Some key points first: There is no "downtown" or "Central Business District", the city is actually 20 mini-districts that spiral outwards from approximately The Louvre. You won't notice walking from one to the other, the borders are sometimes physical barriers (e.g. water), and each one shouldn't be thought of in the same way Canadians' think of the GTA or Greater Vancouver Area, they all collectively make Paris as its known. Each arrondissment (as they are called) takes up some degree of responsibility for its citizens, managing public affairs such as garbage collection, street cleaning, park maintenance, language classes, immigration services, public pools...pretty much everything day-to-day. The larger affairs, like getting accepted through immigration, work permits or legal affairs are dealt with through the larger over-arching 'provincial' municipality, Ile de France. And for arguments sake I'll let you know those small towns surrounding the city border are no more suburban than inside the city: similar densities exist.
What is so different?
Text-book mixed uses in Paris 15th Arrd. |
Non-mixed uses like what exists in even the best Canadian neighborhoods, e.g. areas designated specifically for stores, others for industry, others for houses, others for town-houses, for high-rises, creates huge vacuums of space, areas that are unwalkable, uncomfortable or simply unlivable. I think of mid-rise, nice condominiums in Guelph's west end that have been vacant for years after completion: the planners pictures don't match the reality that someone wants to walk to work, school, groceries, and for play (kids=day, adults=night). After the developers' initial payments of installing suburban sidewalks, roads, and piping needs to be replaced, do you think the amount of people living on one suburban street can cover the cost? not even close. It is the people in the sustainable parts of town that need to foot the bill.

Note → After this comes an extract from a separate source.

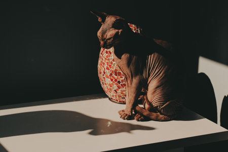 Sphynx cat bathed in dramatic sunlight, sitting on a table beside a mosaic vase. Hairless feline texture, strong shadows and minimalist composition. Moody pet portrait for editorial and lifestyle now.

Solutions exist, can and are being implemented to help fill this vacuum of space, and to make our cities more economically feasible and enjoyable in general. To do this cities' must be thought of as compartments of areas where humans live, not compartments of numbers that require only one thing at one given time. We are not discreet in our movement, we are continuous, and our construction patterns should be reflective of this. Solutions can be thought of based upon those people in their district seeing how their ideal city would be: not the city in the imagination of a planner who was born, raised, and probably will die in a suburb.